The upcoming ₹ 18,300 crore public float of One 97 Communications (Paytm) has been priced “rationally”, leaving room for more people to participate and more investors to gain from the offering, its Founder and Managing Director & CEO Vijay Shekhar Sharma said on Thursday.

The price band for Paytm’s IPO — the largest ever public offering in India — has been set at ₹2,080-2,150 per share, valuing Paytm at $19.3 billion to $19.9 billion. The IPO opens on November 8 and closes on November 10, with the anchor tranche up to ₹8,235 crore to open and close on November 3.

“We are already seeing tremendous excitement among investors for the IPO. For valuation, we chose the bottom range of choices made available to us purely because we want as many people to participate and as many to make money”, Sharma said at a press conference to announce the details of the proposed public offering.

“Considering the huge demand ahead of us, we don’t need or have to hike the price ( for IPO) just because everybody is ready to give it (higher price) to us. We have kept it rationally and put it on a lower level on the different valuation choices we had on the table. It was a humbling experience”.

Read also: Paytm IPO: The ₹18,300-cr public issue opens on Nov 8

Value creation for investors

Madhur Deora, President and Group CFO, Paytm, said that the valuation, which has been pegged at $19.5-20 billion, could have been done at a higher valuation, but “we don’t believe in getting every last dollar of valuation”.

“We want to have really high-quality investors and want to make sure that we create value for the investors that are coming in. Ultimately We believe that this price band is the right price band to go with”, Deora said.

Sharma said that the company had always opted for a lower range of price level whenever it had raised money in the past, although it had opportunity to raise money at higher pricing. “We could have always raised more money from the same set of investors at a higher price. But I have always believed that tons of people should make money when they invest and be comfortable with that. We always chose lower side of price band. That always has worked well for us”, Sharma said.

On pre-IPO placement

On why Paytm opted not to do pre-IPO placement, Sharma said that the company thought it would “fair and equitable” to have all shares in the IPO offered to all investors as opposed to taking out a chunk of it and making it available to only a few of them in a pre -IPO process. Moreover, the timelines issues were there, and pre-IPO was a separate process, he added.

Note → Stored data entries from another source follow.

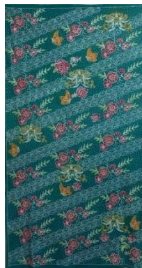
Hasil karya batik tulis 11
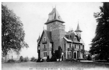
Vue générale de la façade antérieure IVR53_20042905558NUCB
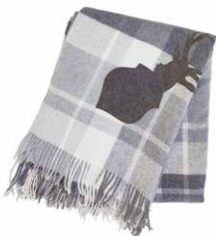
Maribor carreaux/cerf gris
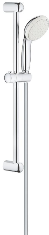
Glijstangcombinatie (Grohe Tempesta New)
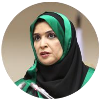
АМАЛЬ АЛЬ-КУБЕЙСИ ПРЕДСЕДАТЕЛЬ ФЕДЕРАЛЬНОГО НАЦИОНАЛЬНОГО СОВЕТА ОАЭ
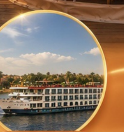
ล่องเรือแม่น้ำไนล์
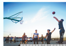
室外篮球场丰富了员工的业余生活。

在恒均科技公司生产车间的显著位置有这样一句话：“行动，是成功的唯一途径。”当前，公司全体员工正在朝着全年生产目标奋力奋进。未来，公司将进一步完善布局，提高产能，以五大核心产品服务京津冀、雄安新区市场，以“三大核心定位”为集团装配式+被动式建筑发展提供强力支撑。

Read more: Paytm may shelve ₹2,000-crore pre-IPO placement

Paytm is India’s largest payments company by consumers, merchants, transactions and revenue, catering to 337 million individual customers and 21.8 million merchants.

Sharma said that Paytm sees technology as a force multiplier that can bring formal financial services to the masses of India. “We see this as an executable mission in few years forward”, he added.

Financials

For the first three months of this fiscal year, Paytm’s revenues were up 46 per cent to ₹ 948 crore as against ₹ 649 crore in the same quarter last fiscal year. Paytm’s losses stood at ₹ 381.9 crore for the three months ended June 2021.

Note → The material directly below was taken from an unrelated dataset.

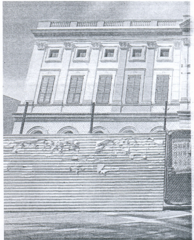
Un hombre transita junto a las obras en la casa consistorial de El Puerto.

Las voces sobre este conflicto con las entidades locales se han multiplicado en las últimas semanas. La última ha provenido del Consejo General de Cámaras de Comercio. Según una encuesta sobre el acceso de las pymes a la financiación, el 82,2% reconoce haber tenido dificultades para saldar sus deudas con la Administración en los últimos tres meses, pero, además, el 60,3% sostiene
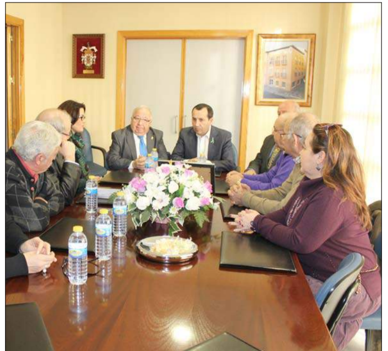
Un instante del encuentro mantenido en la sala de juntas.

Paytm’s bet on financial services has taken off with payment and financial services contributing almost 80 per cent of the company’s revenues.

Asked if Paytm would go in for acquisitions for growth, Sharma said that he would prefer build over buy even as he said that there was nothing “bright enough” for it to buy at the moment. “That said never say never. We will be conservative about it and only when it adds new market and new capability will we look at buying anything. We are not going to do the consolidation of the new business that we are in”, he said.

Sharma also said that Paytm would not need any additional funds beyond the proposed IPO capital raise. “Unless extraordinary circumstances present themselves, there is no reason for us. We expect the internal accrual from various businesses to take care of our requirement”, he said.

Asked when Paytm would reach profitability at the bottomline level, Deora said that it would not be possible in the current setting to give “forward looking” numbers, but one of the things investors look at is the ₹245 crore contribution profit made in the last quarter. “As revenue grows (60 per cent growth last quarter) can you increase your contribution money more and more and what point can it pay for your rest of the cost. What you will see is our EBIDTA burn has come down”, he said.

On NBFC licence

Meanwhile, Sharma also said that Paytm is not going to apply for an NBFC licence. “ We already have a scalable business in partnership with banks and financial services players where we help them acquire customers and serve them in much better way than they would have on their own physical space or platform. It’s a scalable business, a sizeable business and not a good business to get into NBFC licence”, Sharma said.

Sharma also said that Paytm does not plan to invest additional capital or capital in Japan. “Why invest anywhere when India is hot and a happening market. Wishfully we will do a good job of dominating in India on payment and financial services and then over long term look at rest of the world”, Sharma said.